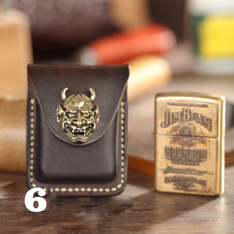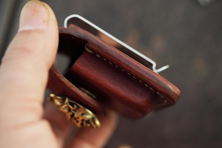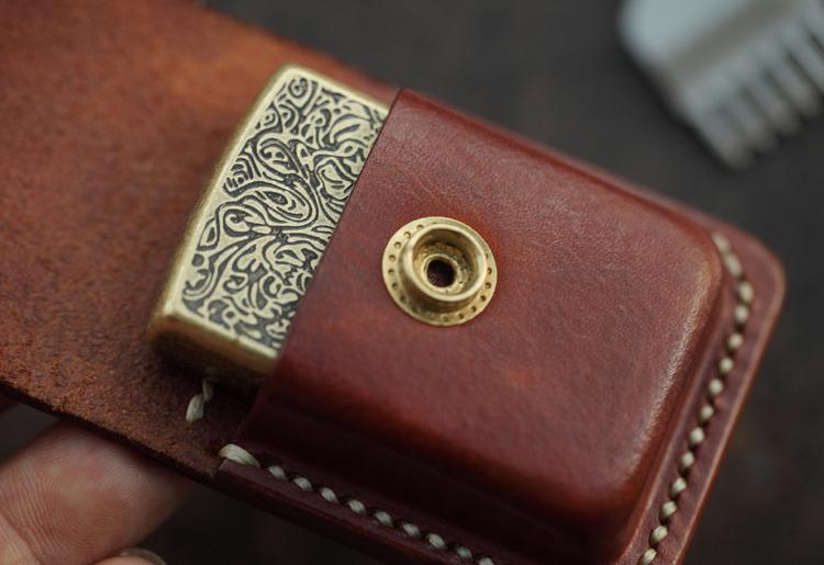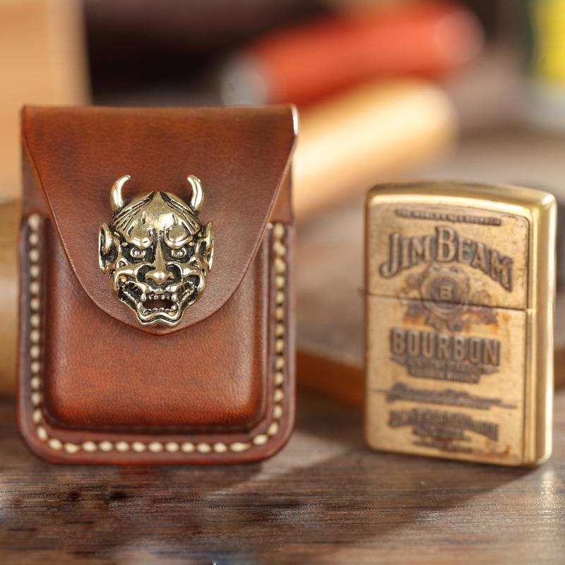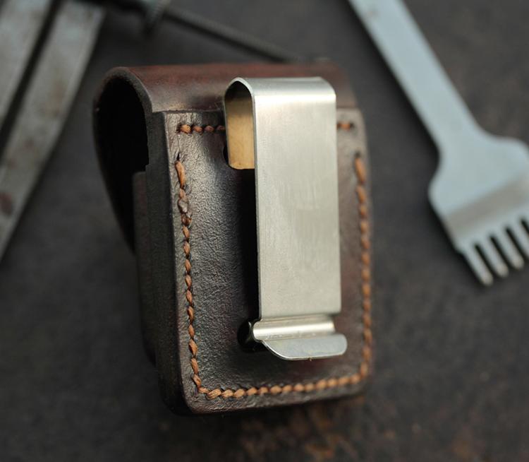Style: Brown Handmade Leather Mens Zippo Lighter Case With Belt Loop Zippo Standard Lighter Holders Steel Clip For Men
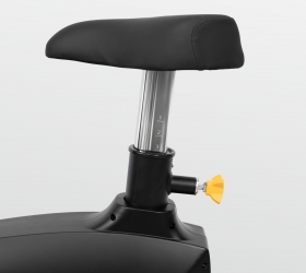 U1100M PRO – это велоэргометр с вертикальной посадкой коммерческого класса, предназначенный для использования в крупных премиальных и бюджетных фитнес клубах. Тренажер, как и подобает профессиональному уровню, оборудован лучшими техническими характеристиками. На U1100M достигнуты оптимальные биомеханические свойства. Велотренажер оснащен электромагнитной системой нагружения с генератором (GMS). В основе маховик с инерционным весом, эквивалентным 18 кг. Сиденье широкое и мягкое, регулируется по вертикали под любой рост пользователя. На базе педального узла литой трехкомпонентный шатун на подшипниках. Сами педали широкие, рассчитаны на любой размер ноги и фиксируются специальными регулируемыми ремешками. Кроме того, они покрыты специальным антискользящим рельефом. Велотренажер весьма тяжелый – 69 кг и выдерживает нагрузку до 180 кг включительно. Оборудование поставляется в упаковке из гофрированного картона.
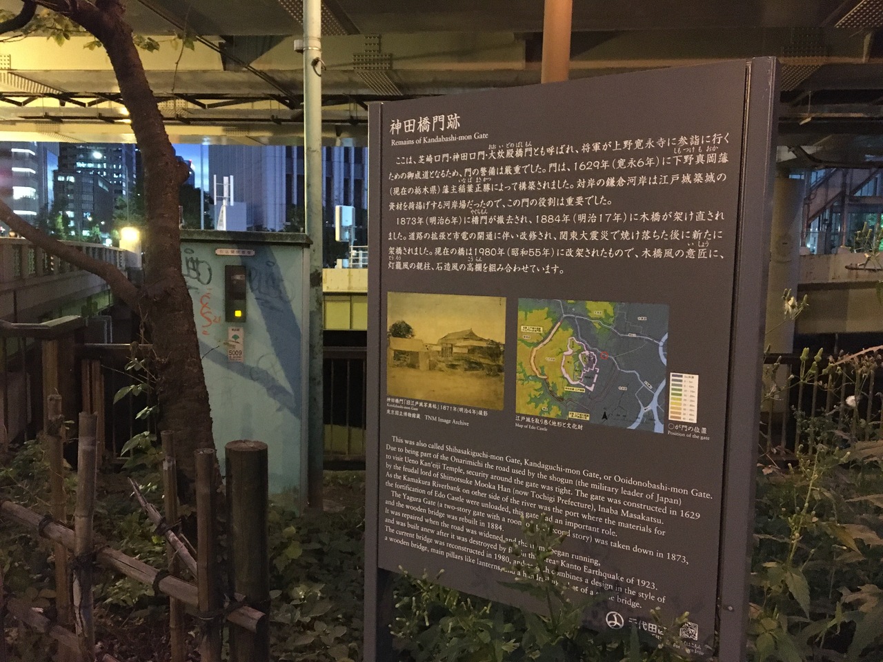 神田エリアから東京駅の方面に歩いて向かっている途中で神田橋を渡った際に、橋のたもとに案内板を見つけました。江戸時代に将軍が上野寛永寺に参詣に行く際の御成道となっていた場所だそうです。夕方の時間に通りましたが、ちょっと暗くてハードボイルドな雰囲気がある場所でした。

-------------------------

**DESCRIPTION OF THE TASK**
Once the pictures are removed, copy the material above exactly.

**ANSWER TO THE EXERCISE**
Style: Brown Handmade Leather Mens Zippo Lighter Case With Belt Loop Zippo Standard Lighter Holders Steel Clip For Men
 U1100M PRO – это велоэргометр с вертикальной посадкой коммерческого класса, предназначенный для использования в крупных премиальных и бюджетных фитнес клубах. Тренажер, как и подобает профессиональному уровню, оборудован лучшими техническими характеристиками. На U1100M достигнуты оптимальные биомеханические свойства. Велотренажер оснащен электромагнитной системой нагружения с генератором (GMS). В основе маховик с инерционным весом, эквивалентным 18 кг. Сиденье широкое и мягкое, регулируется по вертикали под любой рост пользователя. На базе педального узла литой трехкомпонентный шатун на подшипниках. Сами педали широкие, рассчитаны на любой размер ноги и фиксируются специальными регулируемыми ремешками. Кроме того, они покрыты специальным антискользящим рельефом. Велотренажер весьма тяжелый – 69 кг и выдерживает нагрузку до 180 кг включительно. Оборудование поставляется в упаковке из гофрированного картона.
 神田エリアから東京駅の方面に歩いて向かっている途中で神田橋を渡った際に、橋のたもとに案内板を見つけました。江戸時代に将軍が上野寛永寺に参詣に行く際の御成道となっていた場所だそうです。夕方の時間に通りましたが、ちょっと暗くてハードボイルドな雰囲気がある場所でした。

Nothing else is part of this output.